The evolving complexity of cross-border activity demands more stringent standards in deal-making and restructuring. This extends to providing a framework to recognise and support foreign proceedings as well, in some cases under Chinese insolvency law.
Earlier this year, Singapore’s insolvency regime was able to recognise China Bankruptcy Reorganisation Proceedings, in one of the first few applications for recognition and reliefs under the UNCITRAL Model Law of Cross-Border Insolvency (“Model Law”). Companies belonging to Delong Group, a Chinese stainless steel firm, were the subject of the applications after questionable transactions involving their assets in Singapore.
Singapore adopted the Model Law in 2017, giving a clear framework for recognising foreign insolvency proceedings and spelling out the effects of recognition. For example, Singapore courts’ requirements to recognise judgments of foreign courts have been clarified to include solvent restructurings or voluntary liquidations, so long as they involve adjustment of debt. This means that investors will have more clarity if their investments go south or need restructuring.

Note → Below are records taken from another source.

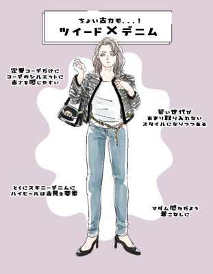 しかし、先ほどもお伝えしたようにツイードジャケットは時々、流行するもの。また、ブームがやってきたタイミングで昔のような着こなしをすると、一気に時代に取り残された古いおばさんコーデになりかねません……。
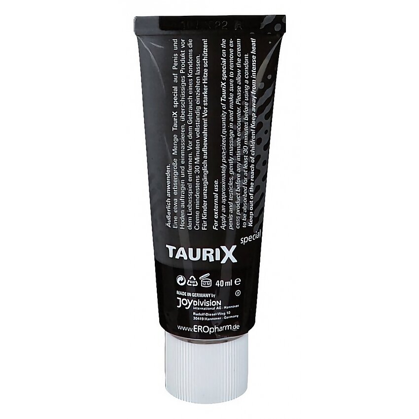 Crema Taurix Extra Strong ce are rol de a revitaliza zona genitală cu efect pozitiv în raportul sexual, asigurând o erecție mai puternică. Are la bază extras de taurină, obținut chiar din testicule de taur. Taurix este sub expresie de unguent stimulante care oferă o senzație mai plăcută în timpul actului sexual, prin dilatarea vaselor de sânge rezultând o mai bună vascularizare și în același timp sporind valoarea spermei. Atenție! Taurix se aplică în zona reproducătoare și doar mai târziu ce crema a fost absorbită se aplică prezervativul.
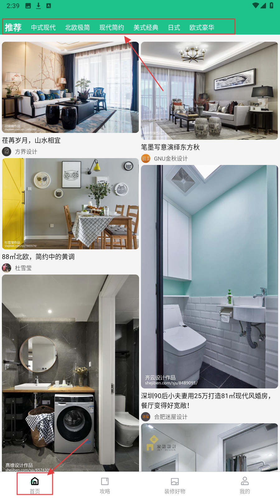 1、进入APP首页,可浏览【推荐】、【中式现代】等多种装修风格分类,挑选心仪的装修案例参考。
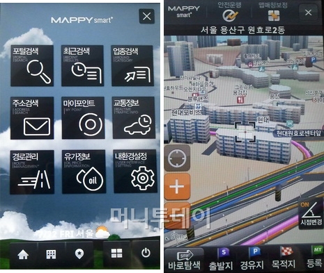 내비게이션은 '맵피 3D'를 탑재해 화면이 큰 만큼 차량용 내비게이션으로 사용해도 손색이 없다. 실시간 교통정보를 지원하며 무선으로 지도 업데이트도 가능하다. 지도 이동이나 메뉴이동 속도가 빨라 답답하지 않다.
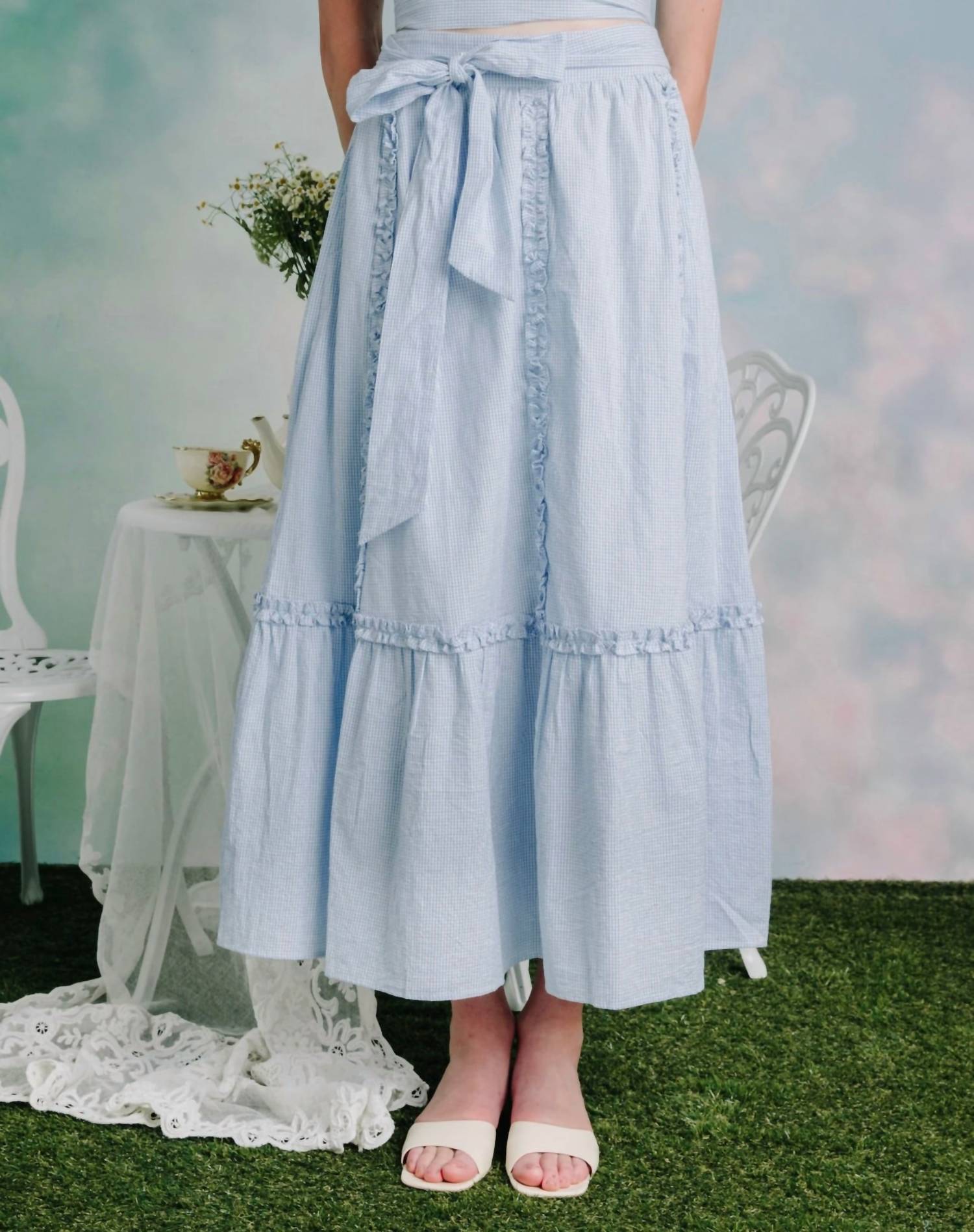 Who doesn't love a good maxi skirt? Introducing the Elowen Maxi Skirt by LOVE THE LABEL, a women's boho chic essential for summer sophistication. This skirt features a maxi length in a charming blue and white seersucker check, complete with intricately gathered ruffles and a self-tie belt. Constructed from 100% cotton, its pull-on styling enhances comfort, while two side pockets provide practicality. Care is easy—simply machine wash and lay flat to dry.
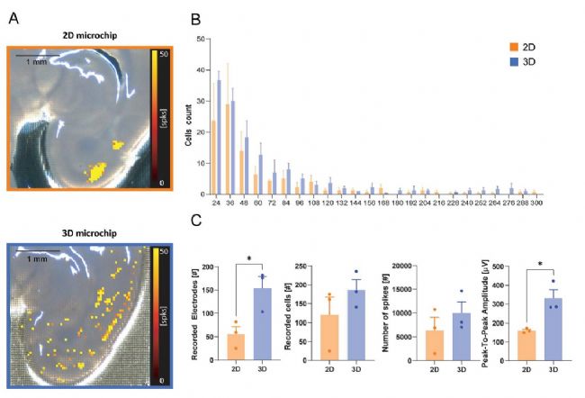 圖 5. 3D高分辨微電極陣列(HD-MEA)相對于平面 HD-MEA 在皮層-海馬切片中的記錄能力。A)皮層-海馬切片的圖像,疊加了由 HD-MEA 電極在 3 分鐘內(nèi)檢測到的相應(yīng)電活動圖(顏色刻度條:0 - 50 個Spike)。上:切片放置在平面 HD-MEA 芯片上;下:切片放置在 3D HD-MEA 芯片上。B)平面和 3D HD-MEA 芯片中按細胞計數(shù)分布的Spike數(shù)量。C)直方圖顯示平面和 3D HD-MEA 芯片記錄的平均活躍電極數(shù)量、平均活躍細胞數(shù)量、平均總Spike數(shù)量以及Spike的峰峰值幅度。在 B 和 C 中,直方圖報告平均值±標準誤,星號表示顯著差異(* p < 0.05)。
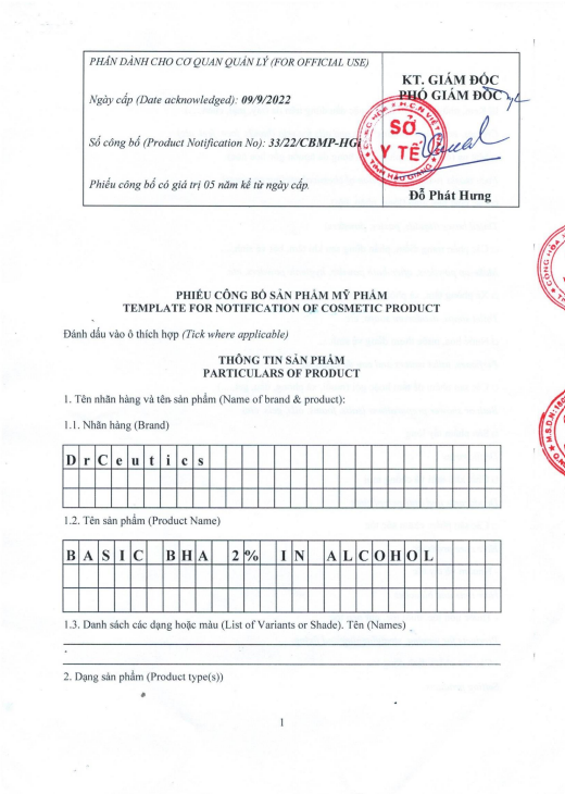 Thông tin sản phẩm • Thương hiệu: Dr Ceutics • Xuất xứ: Việt Nam DRCEUTICS Dung Dịch Loại Bỏ Tế Bào Chết Basic BHA 2% In Alcohol (100ml - 200ml) Là sản phẩm chứa 2%

The case of Ascentra Holdings in 2023 is another good example. Shareholders had resolved to wind up the health and beauty product company, and voluntary winding-up proceedings had commenced in the Cayman Islands. Liquidators succeeded in having the liquidation in Cayman Islands recognised in Singapore, which meant that they could pursue claims against SPGK Pte Ltd, a Singapore-incorporated company. The Ascentra episode showed that even solvent voluntary liquidations qualify as “foreign proceedings” under the Model Law, which would give foreign investors some peace of mind.
Two other areas could also position the Republic as a strategic choice for preserving value.
First, schemes of arrangement and moratoria. A scheme of arrangement allows companies to reach binding agreements with creditors, often across multiple classes, while staying operational. Coupled with moratorium provisions, these tools give companies breathing space from enforcement actions and creditor pressure.
Second, rescue financing provisions. This means that new money injected into a distressed company, whether from existing shareholders, strategic investors, or lenders, can be given priority ranking above existing creditors.
The Singapore legal infrastructure is well-equipped for all-weather resistance, however the markets fluctuate – something that the Chinese PE firms will no doubt explore.
The First Signs of Spring?
The second factor in Singapore’s favour is the continued bright spark of Southeast Asia, in which the Republic plays a key role as convenor and facilitator of PE deals. The Republic secured nearly half of the region’s US$16 billion (S$20.8 billion) capital investment in 2024, along with 60 of the 98 transactions.
With China’s sovereign wealth fund CIC pondering whether to pull the plug on American funds, there is little doubt that Chinese investors are actively considering other markets amid US-China tensions. The intense rivalry is likely to remain, even as President Donald Trump hailed an “amazing” meeting with President Xi Jinping in South Korea om the sidelines of the recent Asia-Pacific Economic Cooperation summit.
A key beneficiary is likely to be Southeast Asia, with reports stating that Chinese funds worth over US$1 billion (S$1.3 billion) could be pumped into the region.
Sectors like real estate and biotech, which are drawing keen Chinese interest, could power this recovery. The activity of China investment firms like Hillhouse in Singapore also bodes well. It acquired business advisory InCorp in 2024 before vying for traditional Chinese medicine chain Eu Yan Seng.
For Chinese private equity firms recalibrating their global strategies, Singapore offers not just capital efficiency but legal certainty. It is a jurisdiction where cross-border restructuring and investor protection are built into the rule of law. In a low-growth world, that kind of certainty is priceless.